Efficacy of various soybean seed treatments against fall armyworm larvae at (A) 2, (B) 3, and (C) 4 days after infestation (DAI) from leaves excised from plants at the V3 (vegetative) growth stage. Plants were grown in a greenhouse environment at the University of Arkansas, Lonoke, Arkansas. Untreated seeds contained only fungicide. Bars (means) with a common letter are not significantly different (a = 0.05) according to LSMEANS (MIXED PROCEDURE).
Fig. 2.
Efficacy of various seed treatments against fall armyworm larvae at 3 days after infestation from leaves excised from plants at the (A) V7 (vegetative, 7th node) growth stage at 51 days after planting (DAP) and the (B) R6 (reproductive, full pod) stage (112 DAP). Plants were grown in field plots near Weslaco, Texas. Untreated seeds only contained fungicide. Bars (means) with a common letter are not significantly different (a = 0.05) according to LSMEANS (MIXED PROCEDURE).
The residual control and high efficacy of chlorantraniliprole and cyantraniliprole are already showing their worth in cotton when applied as a foliar application. These products could allow producers to grow conventional cotton in areas with high heliothine pressure (Fortner 2012). Chlorantraniliprole also currently provides a control option for the pyrethroid resistant tobacco budworm, Heliothis virescens (F.), in cotton (Patman 2012). This chemical has also been observed in experiments to provide 1 month of residual control of corn earworm, Heliocoverpa zea (Boddie), in soybeans (G. M. Lorenz, unpublished data).

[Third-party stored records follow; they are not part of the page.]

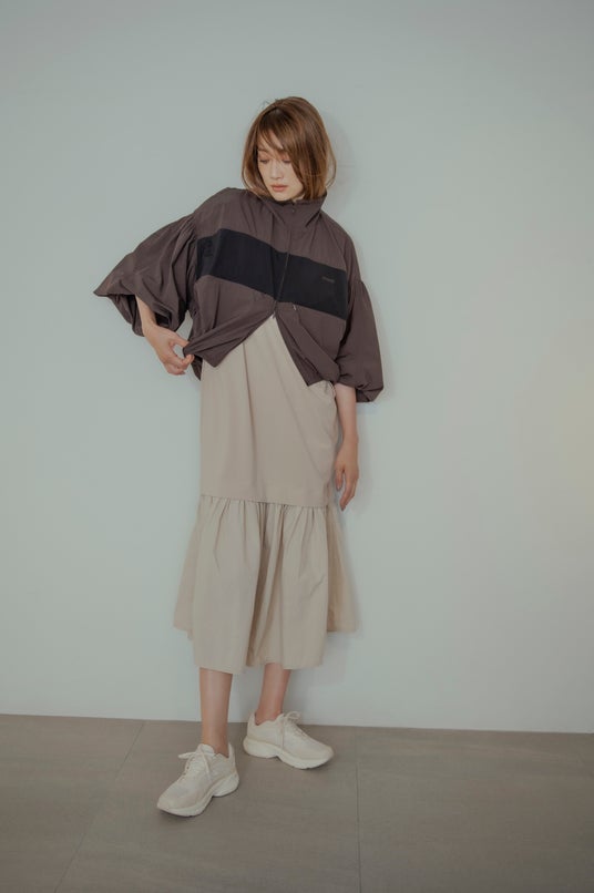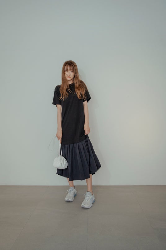 さらりとした綺麗めのTシャツに、ナイロン素材のボリュームスカートを組み合わせたemmiならではのドッキングワンピース。カジュアルな雰囲気ながら、スカートの程よいボリューム感が女性らしいシルエットを演出します。スタイリングいらずで一枚で着映えて、シワになりにくい素材のためデイリーシーンはもちろんご旅行にもおすすめです。
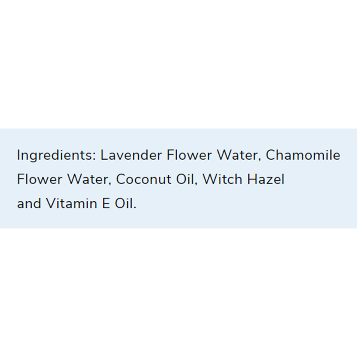 Lavender Flower Water, Chamomile Flower Water, Coconut Oil, Witch Hazel and Vitamin E Oil.
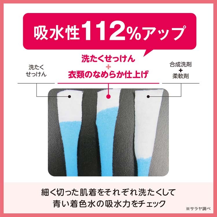 ●洗たくせっけん専用仕上げ剤。吸水性UP、洗濯槽の防カビ、肌まさつ低減。赤ちゃんの未来を育む無添加※。
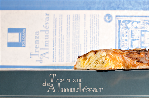La TRENZA DE ALMUDÉVAR es un brioche hojaldrado con mantequilla, relleno con una yema especial, con nueces, almendras fileteadas y pasas maceradas en ron, cocida sobre piedra y cubierta con una glasa para darle brillo y una textura crujiente.
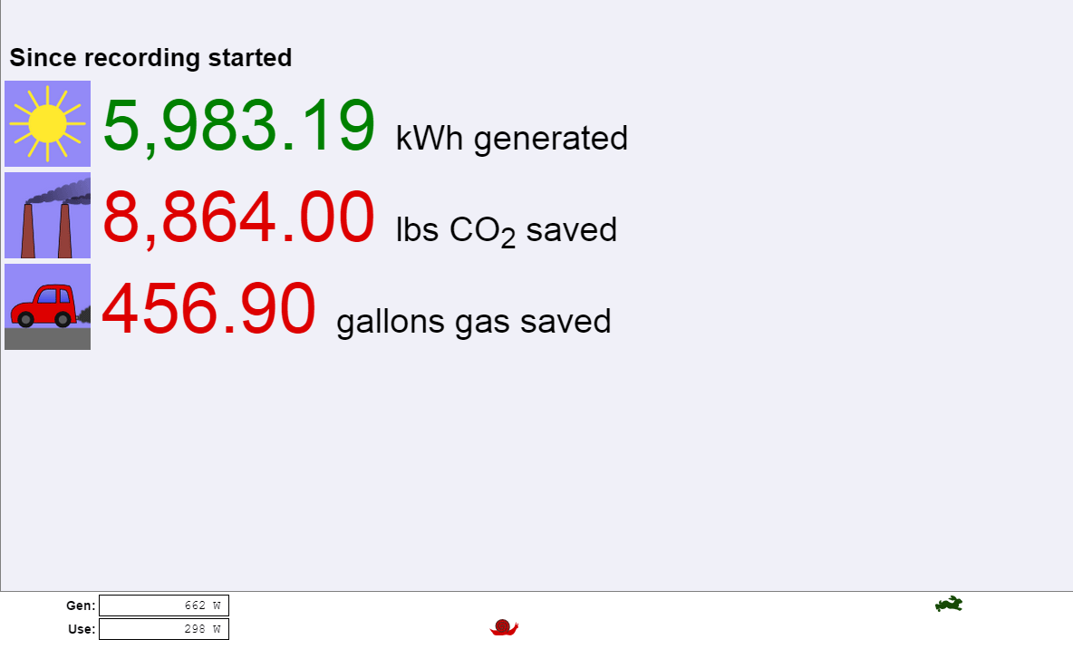 The eGauge also has what are called kiosk views. This one, the Bunny Kiosk, is intended to be something to show kids and start educating them on power consumption, solar generation, CO2, and gasoline usage. There is a cute little hare and tortoise that move across the bottom at a speed relative to how much power is being generated and used in real-time. It also gives you a nice easy to digest view of how much power your system has generated (5,983 kWh since installation), how many pounds of CO2 that translates to (8,864), and the equivalent gallons of gas that CO2 has offset (457). My son Owen is a little too young for these concepts but this will definitely be our first stop when he is a little older and I start teaching him about our solar system.
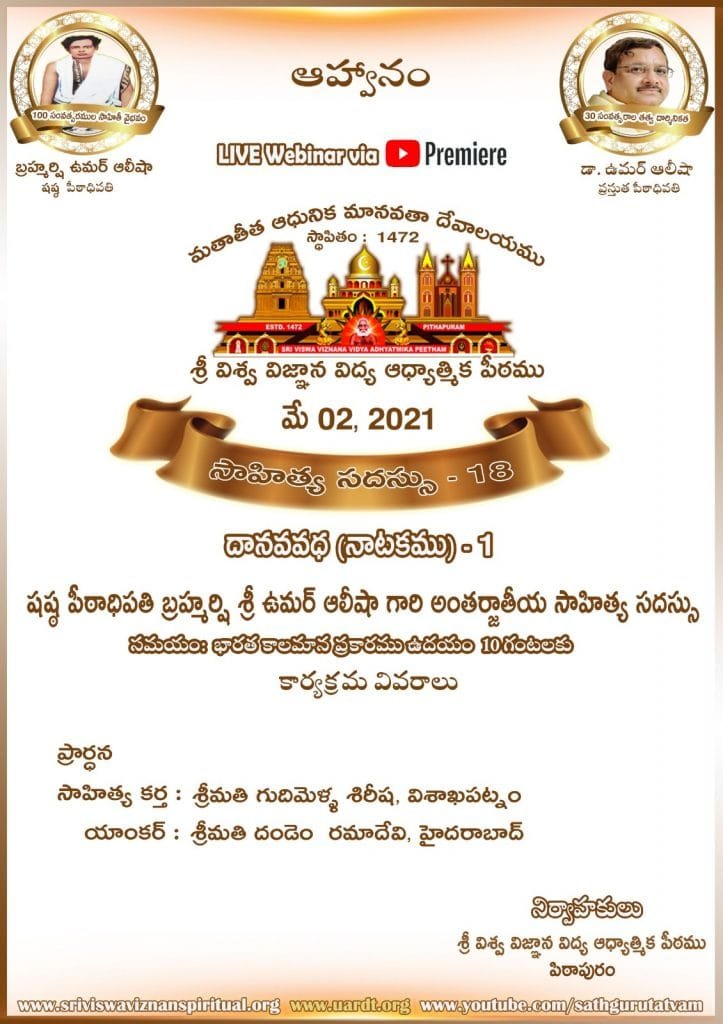 సాహిత్య సదస్సు – 18 | Webinar on Literature – 18: 02nd May 2021
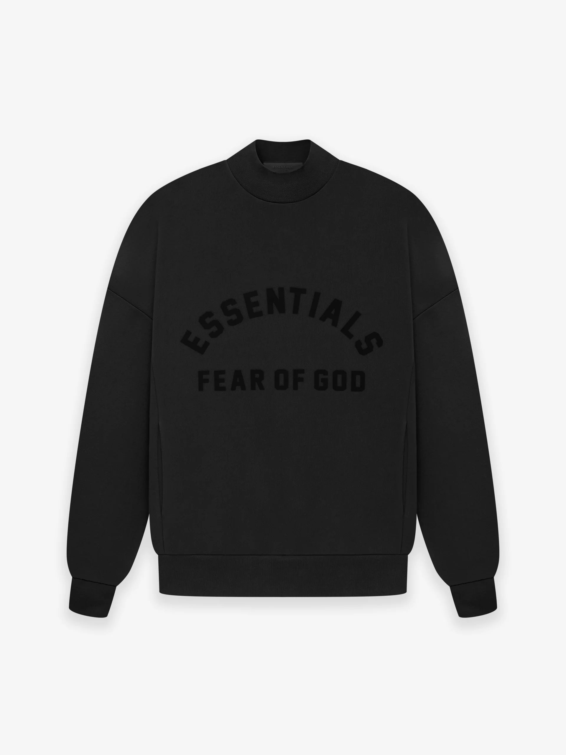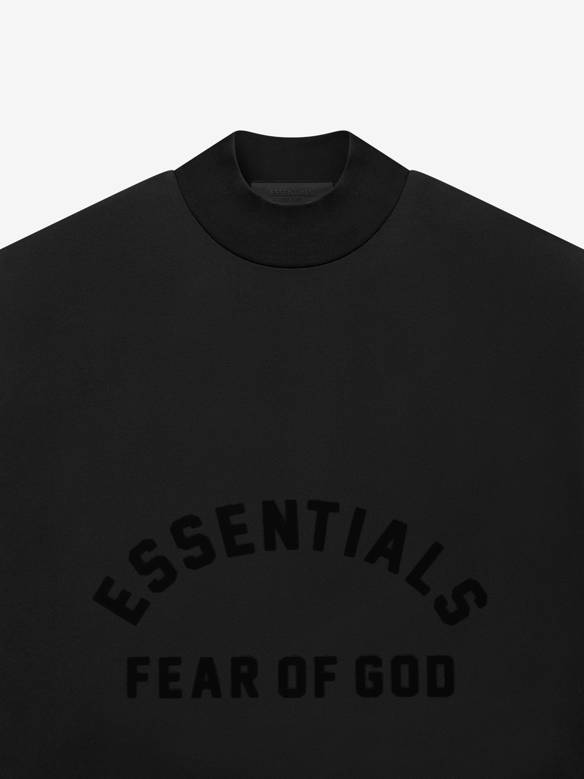 The Essentials crewneck has been redesigned with increased volume in the body and sleeves, creating a soft, round, cropped silhouette. The revised higher rib-knit collar, cuff, and waistband frame the piece. Side seam pockets provide a new functional detail. The curved Essentials Fear of God logo is vintage-inspired but updated in a rubberized soft-touch applique. A new Fear of God rubberized label is at the back collar.
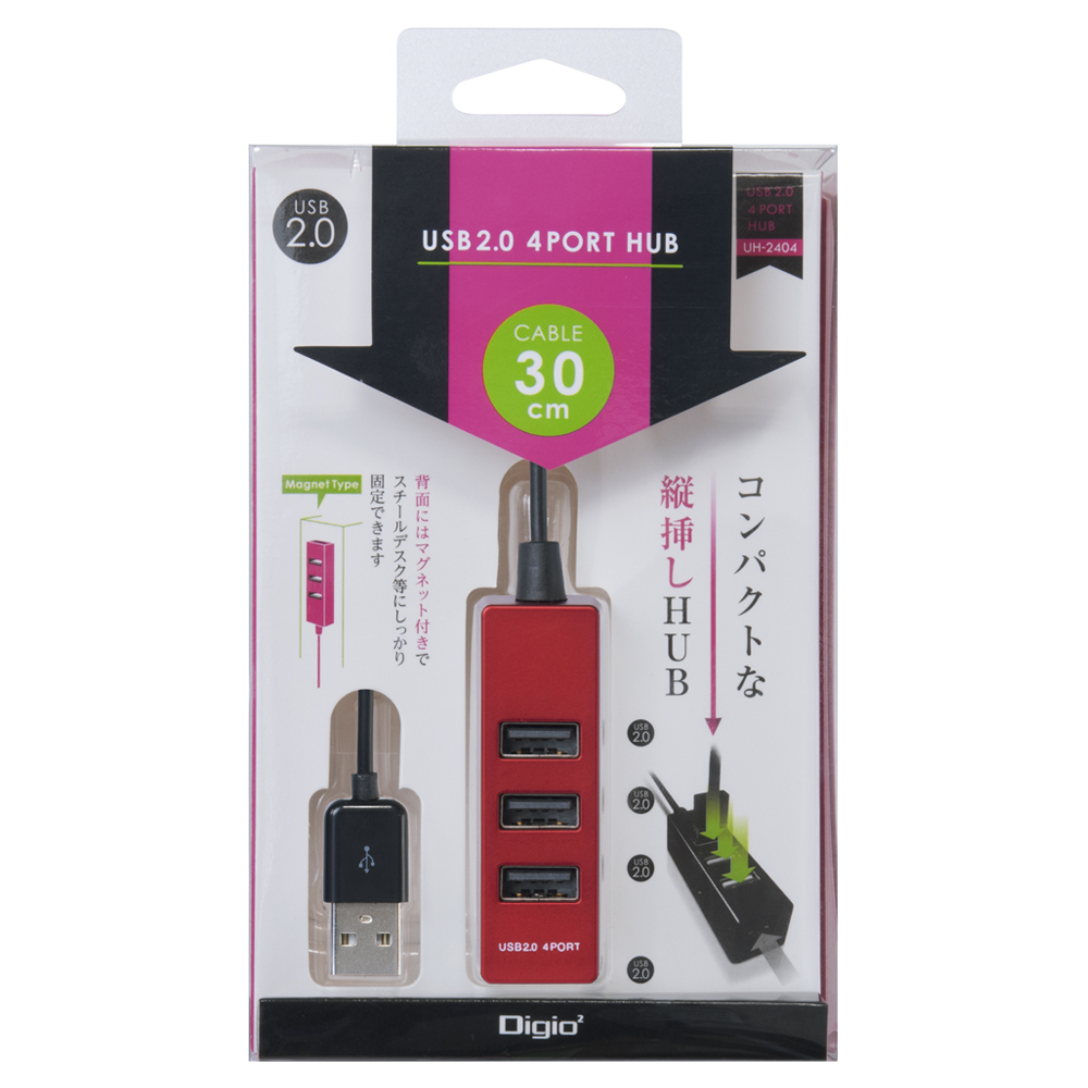 コンパクトな縦挿し4ポートハブ。底面マグネット付き。
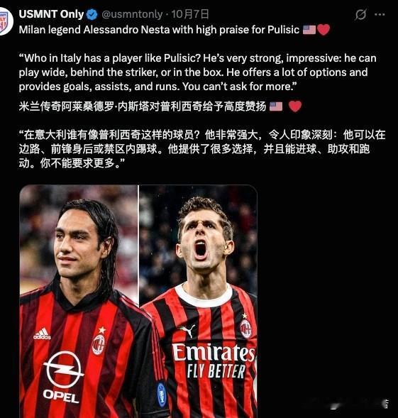 普利西奇!内斯塔接受采访表示普利西奇是米兰锋线上的巨星,他拥有在多个位置上的进攻能力,普利西奇可以在不同位置完成助攻与进球。他的跑动能力同样十分出色,我们已经不能对这样的球员有太多的要求。 记得普利西奇加盟米兰的时候,大家一开始担心普利西奇的伤病,一个月后丘库埃泽来了又觉得普利西奇可能右路不一定能与丘库埃泽竞争,结果普利西奇在最不擅长的右路两个赛季数据仍然优秀,这个赛季变了阵容又有人说莱奥有一个首发位置,普利西奇可能要接受替补了,结果普利西奇依然是米兰的大腿,啥是球星,就是在任何情况下都能有不俗的表现。 内少本次接受采访之所以提普利西奇,明显这是在给普利西奇减压,什么是好前辈?这就是好前辈,世人皆能借风扬尘,顺势踩落井之人,难得的是逆风执炬,为寒冬送炭之手!内斯塔一直都表达自己是拉齐奥球迷,但他一直心里都有米兰,一直都在关注着米兰的情况。

It both the greenhouse and field plot studies, higher efficacy was observed for chlorantraniliprole compared with cyantraniliprole. One possible explanation could be due to differences in solubility. The solubility of chlorantraniliprole and cyantraniliprole in water is 1 and 18 ppm, respectively (DuPont, personal communication). The lower solubility of chlorantraniliprole could explain the extensive length of its residual control; however, more research is needed to determine the effect of water stress (e.g. drought and water-logging) on the activity of both systemic insecticides.